> **Your instructions**: The copy should begin at the line containing "The scroll bender" and end with the last line below, every line exact and no picture included.

> **Given material**:
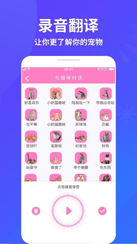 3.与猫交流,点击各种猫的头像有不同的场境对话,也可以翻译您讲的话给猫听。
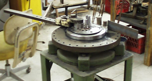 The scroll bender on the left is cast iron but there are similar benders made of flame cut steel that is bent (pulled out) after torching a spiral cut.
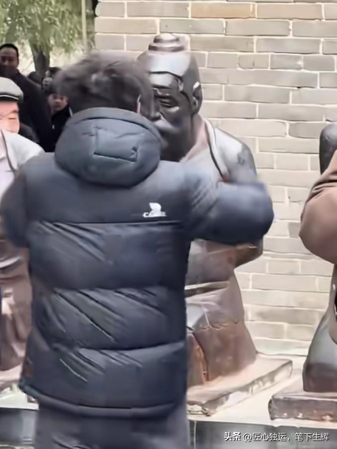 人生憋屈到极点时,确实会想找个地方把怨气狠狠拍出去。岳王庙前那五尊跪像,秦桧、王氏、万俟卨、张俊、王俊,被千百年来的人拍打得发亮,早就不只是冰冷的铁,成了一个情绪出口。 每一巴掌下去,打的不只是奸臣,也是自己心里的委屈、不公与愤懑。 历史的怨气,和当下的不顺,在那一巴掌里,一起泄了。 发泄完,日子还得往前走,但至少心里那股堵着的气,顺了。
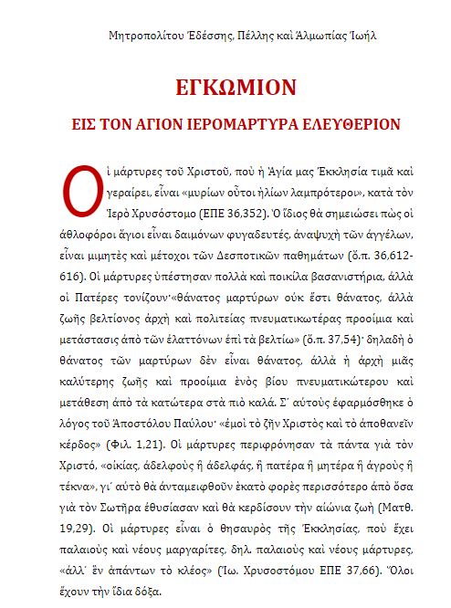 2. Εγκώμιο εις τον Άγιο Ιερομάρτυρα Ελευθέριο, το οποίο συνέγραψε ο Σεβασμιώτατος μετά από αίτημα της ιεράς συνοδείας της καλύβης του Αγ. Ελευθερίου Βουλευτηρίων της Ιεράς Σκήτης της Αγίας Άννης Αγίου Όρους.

> **Task answer**:
 The scroll bender on the left is cast iron but there are similar benders made of flame cut steel that is bent (pulled out) after torching a spiral cut.
 人生憋屈到极点时,确实会想找个地方把怨气狠狠拍出去。岳王庙前那五尊跪像,秦桧、王氏、万俟卨、张俊、王俊,被千百年来的人拍打得发亮,早就不只是冰冷的铁,成了一个情绪出口。 每一巴掌下去,打的不只是奸臣,也是自己心里的委屈、不公与愤懑。 历史的怨气,和当下的不顺,在那一巴掌里,一起泄了。 发泄完,日子还得往前走,但至少心里那股堵着的气,顺了。
 2. Εγκώμιο εις τον Άγιο Ιερομάρτυρα Ελευθέριο, το οποίο συνέγραψε ο Σεβασμιώτατος μετά από αίτημα της ιεράς συνοδείας της καλύβης του Αγ. Ελευθερίου Βουλευτηρίων της Ιεράς Σκήτης της Αγίας Άννης Αγίου Όρους.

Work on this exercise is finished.